Healthcare terminologies are integrated into Linguamatics platform covering key medical domains and categories. These are recognized using a combination of standard ontologies, pattern-based approaches and linguistic rules to enable the context around any patient variable to be taken into account (e.g. a family's history of disease). They are often used alongside the biomedical terminologies to maximize the amount of information that can be extracted from medical records.

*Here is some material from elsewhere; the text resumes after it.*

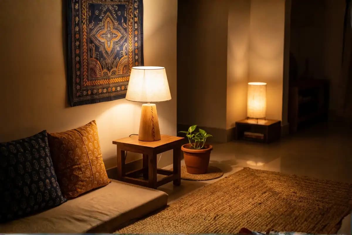 In a Dhaka apartment where the bedroom doubles as a study or work-from-home space, simple room decoration ideas like switching to a warm LED table lamp before bed produce measurable quality-of-life improvements. Harsh overhead lighting is a common decorating mistake in Bangladeshi apartments. Cool-toned fluorescent tubes or LED panels (5000K–6500K) create a sterile environment and emit more radiant heat than warm alternatives. During the intense April-to-September heat season, these fixtures make rooms feel less comfortable and harder to keep cool. No depth or shadow: Single overhead sources eliminate natural shadows, creating a flat, office-like appearance that makes even high-quality furniture look dull. Radiant heat contribution: High-wattage LED and CFL panels generate heat at the ceiling, raising temperatures in rooms already struggling with Dhaka’s 38°C to 40°C summers. Sleep disruption: Cool overhead lighting suppresses melatonin production for up to 90 minutes. Switching to warmer tones is a simple fix that significantly improves sleep quality. The solution is layered lighting. It is an ambient base from a warm overhead source, complemented by room decoration lights at table and floor level. Pairing this with good window treatments, including quality blackout curtains that block summer sunlight, keeps the room cool and beautifully lit simultaneously. Ideal decorative lighting for Bangladeshi homes features warm color temperatures below 3000K, low heat output, and glare-free diffusion. Energy-efficient 7 to 10-watt LED bulbs provide bright illumination with almost no radiant heat and last up to 25,000 hours. Check the Kelvin rating: Choose "Warm White" or "Soft White" bulbs with a rating of 2700K to 3000K. Avoid "Daylight" (6500K) or "Cool White" bulbs for relaxation areas. Match the CRI: A Color Rendering Index (CRI) above 80 ensures wood, fabric, and textiles look vibrant and accurate rather than washed out. Choose dimmable options: Dimmable warm LEDs allow you to adjust both brightness and heat, making them perfect for transitioning from reading to sleep. Consider wattage: Use 7–9 watts for bedroom table lamps and 12–15 watts for living room table lamps to provide ample light without generating excess heat. Fabric and glass fixtures serve different roles in a Bangladeshi home. A fabric lamp diffuses a warm 360-degree glow without glare, while glass fixtures create bright points of light with less ambient warmth. For bedroom use, fabric is the superior choice for both comfort and style. Heat management: Fabric shades facilitate natural convection of heat around the bulb, whereas glass enclosures trap heat and raise localized temperatures during hot summers. Light quality: Cotton or linen shades filter out harsh blue light and enhance warm tones, producing a soft, comfortable amber glow. Humidity Resistance: High-quality fabric resists moisture-induced discoloration better than painted glass, which often streaks when humid monsoon air meets a warm surface. Browse fabric table lamps crafted from local handloom cotton that diffuse warm light beautifully while complementing jute, wood, and textile interior palettes common in Dhaka apartments. Bedroom decoration works best when lighting is layered across three zones: ambient, task, and accent. Most Dhaka bedrooms rely on a single overhead light, wasting much of the room’s decorative potential. Adding table lamps, bedside reading lights, and low accent fixtures creates depth, highlights textiles, and supports the body’s natural wind-down before sleep. Ambient zone: A warm-white overhead LED at 2700K, set low, provides base illumination. If using a ceiling fan with a light kit, replace the default cool bulb with a warm-white LED bulb immediately. Task zone: Bedside table lamps at 400 to 500 lumens with a fabric shade provide reading light that stays on one person's side without flooding the entire room. Accent zone: A low-wattage warm LED strip behind the headboard, a floor-level lamp in the corner, or a small decorative lamp on a dresser creates visual layers that signal calm and comfort. Choosing between warm and cool bedroom lighting is simple. Cool light above 3500K suppresses melatonin and ruins sleep quality. In Dhaka, where urban light pollution already disrupts your internal clock, keeping your bedroom a warm-light zone from sunset onward is essential for better rest. Square and round table lamps serve distinct roles in Dhaka apartments. Square lampshades add geometric definition to desks and consoles, while round lamps create a soft, harmonious look on circular tables. When fitted with warm-white LEDs, both shapes provide essential ambient lighting for compact spaces without generating excess heat. Height alignment: Keep the bottom of the lampshade at eye level (24–30 inches from the floor) while seated. This ensures the space is well-lit without causing direct glare in your eyes. Pairs create balance: Placing identical lamps on either side of a bed or sofa creates a symmetrical, intentional look that makes a room feel larger and more organized. Corner placement: Position a large lamp in a corner to reflect light off two walls. This maximizes its ambient glow and significantly increases the room's perceived warmth. Explore the watercolor square lampshades handcrafted by Kaaruj artisans, which combine traditional Bangladeshi textile craft with a modern geometric lampshade form that suits minimalist and maximalist Dhaka interiors equally. Ambient lighting is the most accessible way to decorate without renovations or structural changes. For Dhaka renters, battery-operated lamps and LED string lights provide immediate impact at a low cost. The Corner Lamp: Place a fabric lamp in a dark corner to eliminate visual heaviness and open up the room. Shelf Lighting: Use a warm LED strip behind books to turn a shelf into a glowing art display. Bedside Pair: Position two small lamps on either side of the bed for an instant

Healthcare terminologies are valuable for identifying key patient data from a variety of medical records, including patient problem lists, disease history and vital signs (blood pressure, heart rate, pulse, respiratory rate, temperature, gender and age). Lifestyle factors such as smoking, drug use, alcohol consumption, exercise, diet and sexual activity can also be analyzed.

Chemical Entities

Chemical entities can be found using ChEBI, MeSH and the NCI Thesaurus. In addition, the Linguamatics ChemAxon add-on identifies known and novel chemical structures within documents: by name, structure, substructure or similarity.

Drug Terminologies

Linguamatics provides a pattern ontology that enables the identification and extraction of many different pharmaceutical company chemical identifiers (such as LY-170053, SQ 34676, ICI 204, 219).

Numerical Data

Linguamatics provides pattern ontologies that identify numerical data, such as times, dates, numerics, and units of measurement. These allow for the identification of concepts that can be expressed in many ways, extend search by annotating novel textual descriptions of key concepts or concept types and normalize results to greatly simplify downstream analysis.

Organizations and People

Information on organizations can be extracted and categorized by sector, type and geographic location. Searching by sector allows named pharmaceutical companies, universities or government agencies to be extracted. Organization types are also available, using linguistic rules and patterns to automatically detect whether an entity is a corporation, division, hospital or institute. Organizations can also be identified by geographical location (region, country, state or city). In addition, pattern ontologies allow for the identification of telephone numbers, names of people, and email addresses.

Bespoke Vocabularies

Linguamatics supports bespoke or custom vocabularies. These can be imported from academic or commercial sources. In-house vocabularies can also be employed, for example: a dictionary of employees from an organizational chart, or a controlled vocabulary for an internal drug development project.

Source-specific Dictionaries

Linguamatics incorporates data from the sources in the Content Store to provide source-specific dictionaries. These include Patent classification codes, listings of product names in FDA Drug Labels and specific FAERS terms.